Entries taken from a collection:
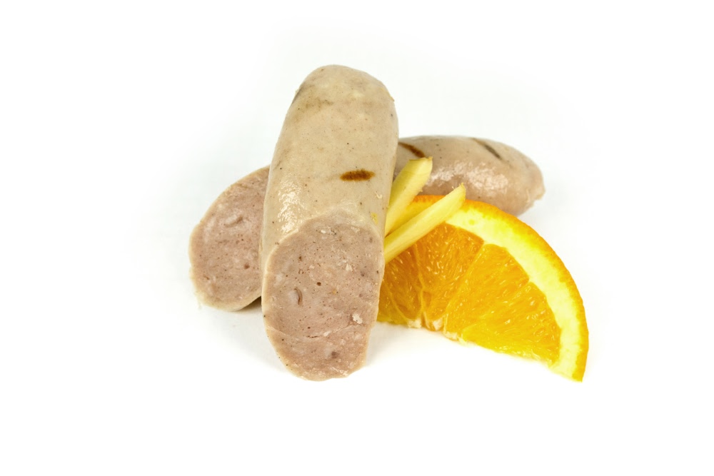 Pork, water, rice flour, rice starch, orange zest, salt, orange oil, spices, garlic powder, sodium phosphate, sodium ascorbate.
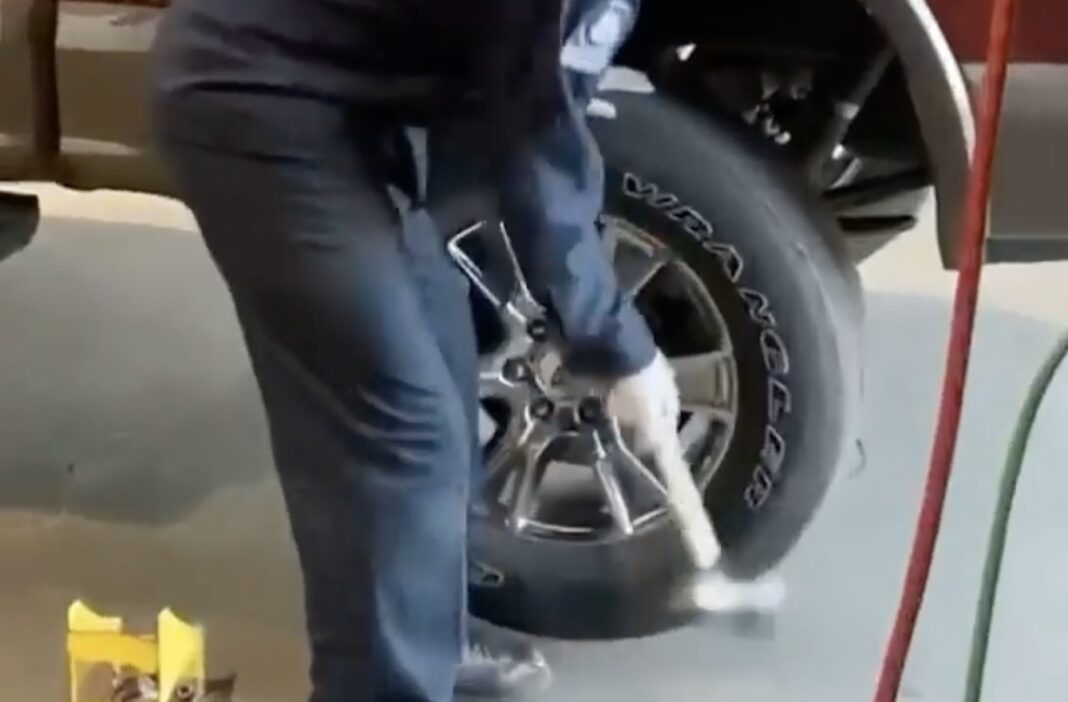 En mekaniker bakser med at få et hjul af, og det sidder uhjælpeligt godt fast, så han tager de grove metoder i brug.
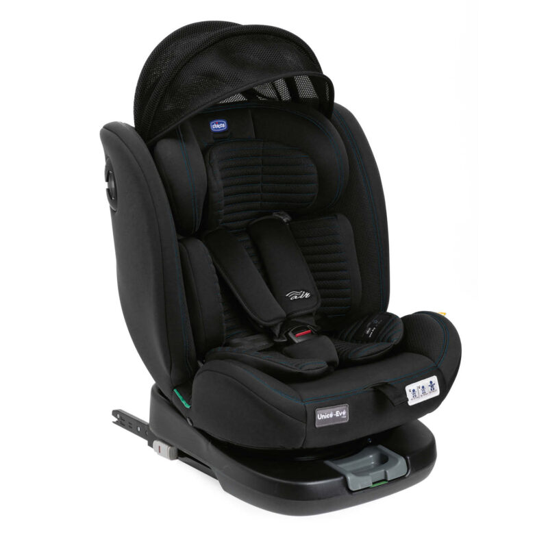 Unico Evo i-Size accompanies the child from birth up to around 12 years of age. Installation via five-point belt system up to 105 cm (18 kg) in both rearward and forward facing. From 100 to 150 cm, the child is held in place by the vehicle’s three-point belt.
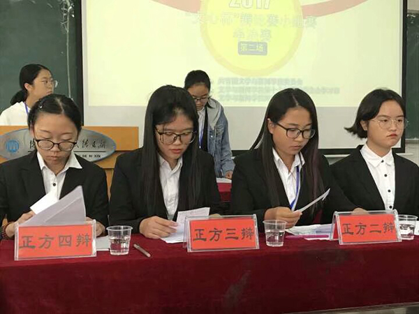接下来是质询环节。反方四辩金宸亦对正方一辩李红阳进行质询,从微博意见领袖个人的处事价值观进行询问,反证微博意见领袖的意见会过度引导群众的判断能力,剪弱民众的认知水平。但中文三班的辩手也不甘示弱,正方四辩章卓对反方一辩进行质询,以民众点赞和转发微博意见领袖的行为,是民众经过思考后进行的为观点,对反方二辩进行辩驳。双方辩手各有自己合理的观点,场下喝彩阵阵。
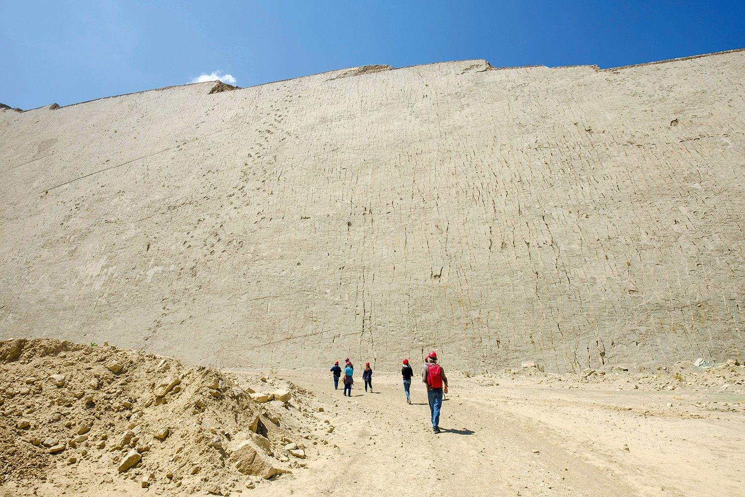 This otherwise unedifying wall is actually filled with dinosaur footprints (Alamy)
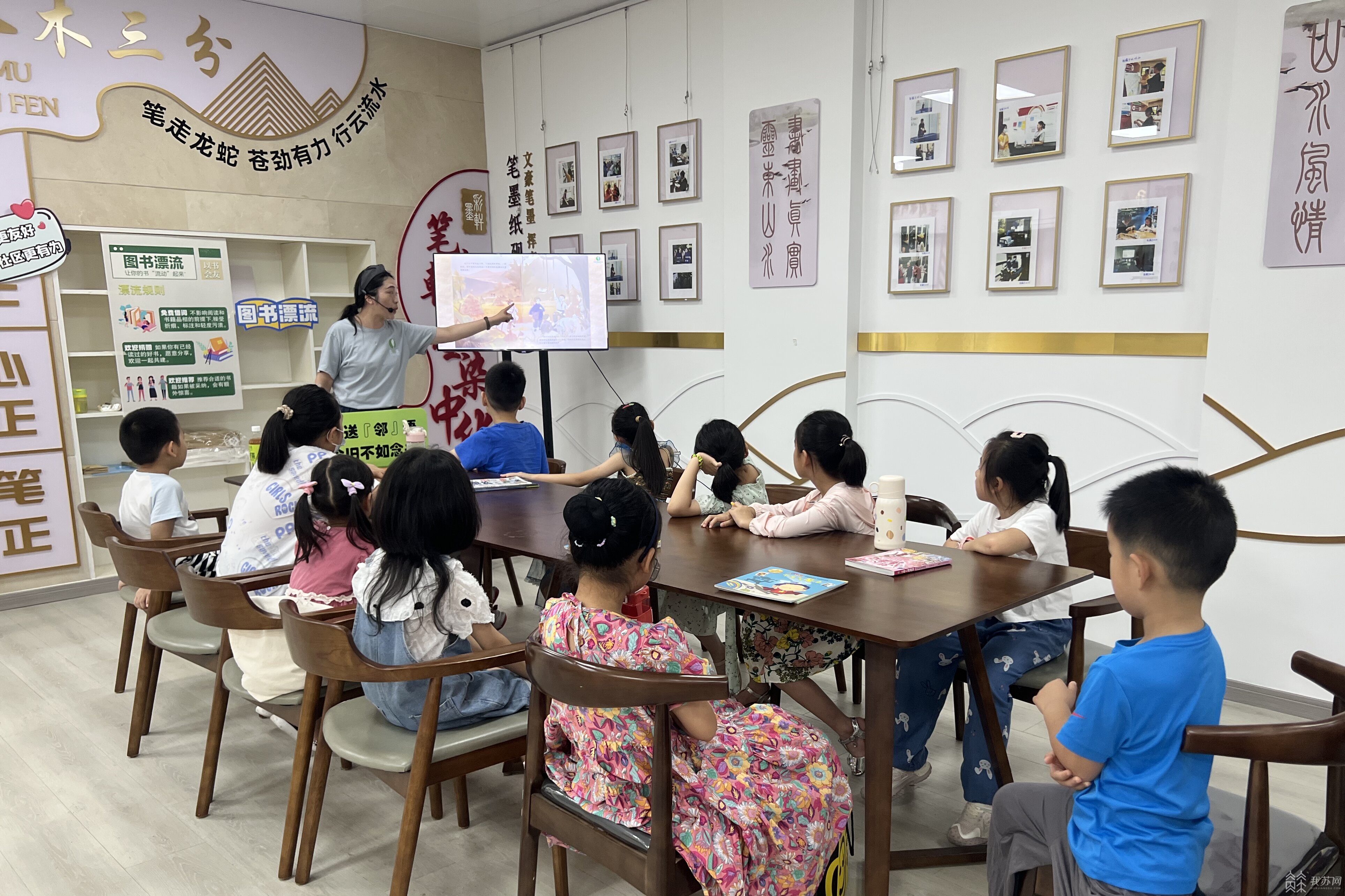 协民社区联合蓝树蓝双语绘本馆在社区友邻客厅二楼,开展“悦读一夏”青少年红色经典绘本阅读活动。导读老师结合PPT演示、短片播放等形式,用声情并茂的语言,将红色经典绘本故事《鸡毛信》娓娓道来,生动地讲述了龙门村的儿童团长海娃临危受命,去给八路军张连长送鸡毛信的路途中遭遇险情,凭借其机智勇敢与敌人斗智斗勇,最后顺利完成任务的故事。整个故事环节跌宕起伏、险象环生,孩子们也听得分外认真,并积极与老师开展互动问答。参加活动的孩子们通过导读老师的讲述,深刻感受到烽火硝烟中英雄少年海娃的机智勇敢,也懂得了现在的幸福生活来之不易。活动的最后,每个孩子还将从家中的两、三本旧书精心打包好并手写寄语,与其他小朋友开展互换。通过“好书互换”分享知识的同时,也让友谊得到传递。
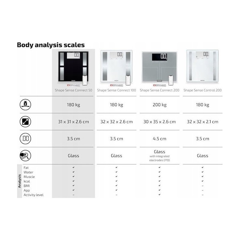 Dla wszystkich tych, którzy chcą żyć zdrowiej: analityczna waga łazienkowa Shape Sense Connect 50 od Soehnle. Urządzenie wyposażone w technologię BIA precyzyjnie określa wagę ciała i inne parametry, takie jak zawartość tkanki tłuszczowej, wody i masy mięśniowej, jak również pozwala ustalić wskaźnik BMI (Body-Mass-Index). Dodatkowo, aplikacja Soehnle Connect pomoże Ci monitorować na bieżąco Twoje dane z analitycznej wagi łazienkowej Shape Sense Connect 50. Dzięki aplikacji możesz mieć pod kontrolą wszystkie dane dotyczące Twojego ciała i poziomu kondycji fizycznej. Monitoruj różnicę w stosunku do ostatniego ważenia lub sprawdź, czy założony cel został osiągnięty. Aplikacja pomaga kontrolować masę ciała i w przejrzysty sposób pokazuje postępy. Jest intuicyjna w obsłudze i daje pełną kontrolę nad danymi. Sam decydujesz o tym, czy Twoje dane będą przechowywane tylko na smartfonie, czy również na serwerze. Nasza aplikacja zawiera również porady pomocne w osiąganiu założonych celów, a także umożliwia dzielenie się swoimi postępami ze znajomymi. Oczywiście naszą aplikację możesz powiązać z innymi aplikacjami fitnessowymi, takimi jak „Google fit” czy „Apple health”. Płaska konstrukcja i antypoślizgowe nóżki zapewniają stabilność. Duża tafla hartowanego szkła gwarantuje stabilną pozycję przy ważeniu. Waga wyświetla pomiar z dokładnością do 100 g, zaś maksymalne obciążenie wynosi aż 180 kg. Urządzenie wyposażone jest w energooszczędną funkcję automatycznego włączania i wyłączania. Analityczna waga łazienkowa Shape Sense Connect 50 automatycznie wykrywa użytkownika, dzięki czemu może z niej korzystać nawet ośmiu domowników – idealne rozwiązanie w liczniejszych gospodarstwach domowych i rodzinach. Baterie znajdujące się w zestawie umożliwiają natychmiastowe uruchomienie.

INSTRUCTIONS TO FOLLOW: All lines above starting at the one with "Unico Evo i-Size" and ending at the one with "接下来是质询环节。反方四辩金", inclusive, are to be printed again exactly, with the pictures left out.

RESULT OF THE EXERCISE:
 Unico Evo i-Size accompanies the child from birth up to around 12 years of age. Installation via five-point belt system up to 105 cm (18 kg) in both rearward and forward facing. From 100 to 150 cm, the child is held in place by the vehicle’s three-point belt.
接下来是质询环节。反方四辩金宸亦对正方一辩李红阳进行质询,从微博意见领袖个人的处事价值观进行询问,反证微博意见领袖的意见会过度引导群众的判断能力,剪弱民众的认知水平。但中文三班的辩手也不甘示弱,正方四辩章卓对反方一辩进行质询,以民众点赞和转发微博意见领袖的行为,是民众经过思考后进行的为观点,对反方二辩进行辩驳。双方辩手各有自己合理的观点,场下喝彩阵阵。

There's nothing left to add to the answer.